▶ [To do]
In the listing beneath this line, copy exactly the lines starting with the one containing "创建一个容器containe" and going on through the one containing "他說,登野長城是不允許的,近".

*** Opening of Provided records ***

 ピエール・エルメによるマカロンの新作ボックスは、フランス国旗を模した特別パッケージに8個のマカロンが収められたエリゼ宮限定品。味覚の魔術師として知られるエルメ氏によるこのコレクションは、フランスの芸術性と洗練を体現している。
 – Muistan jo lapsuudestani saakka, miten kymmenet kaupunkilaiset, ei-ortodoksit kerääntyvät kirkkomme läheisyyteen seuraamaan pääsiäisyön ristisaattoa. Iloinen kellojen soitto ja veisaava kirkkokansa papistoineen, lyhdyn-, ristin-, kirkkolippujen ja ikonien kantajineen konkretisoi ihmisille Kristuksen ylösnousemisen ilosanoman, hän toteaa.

*** Close of Provided records ***
*** Opening of Provided records ***

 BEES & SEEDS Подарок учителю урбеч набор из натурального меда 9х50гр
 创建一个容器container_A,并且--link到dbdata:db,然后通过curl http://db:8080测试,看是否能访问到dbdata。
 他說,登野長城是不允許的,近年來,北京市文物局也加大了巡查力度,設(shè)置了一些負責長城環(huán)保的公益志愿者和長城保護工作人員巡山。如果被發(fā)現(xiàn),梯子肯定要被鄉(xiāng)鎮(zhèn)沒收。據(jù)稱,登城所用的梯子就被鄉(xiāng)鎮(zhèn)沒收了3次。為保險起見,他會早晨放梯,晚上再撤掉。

*** Close of Provided records ***

▶ [Output]
 创建一个容器container_A,并且--link到dbdata:db,然后通过curl http://db:8080测试,看是否能访问到dbdata。
 他說,登野長城是不允許的,近年來,北京市文物局也加大了巡查力度,設(shè)置了一些負責長城環(huán)保的公益志愿者和長城保護工作人員巡山。如果被發(fā)現(xiàn),梯子肯定要被鄉(xiāng)鎮(zhèn)沒收。據(jù)稱,登城所用的梯子就被鄉(xiāng)鎮(zhèn)沒收了3次。為保險起見,他會早晨放梯,晚上再撤掉。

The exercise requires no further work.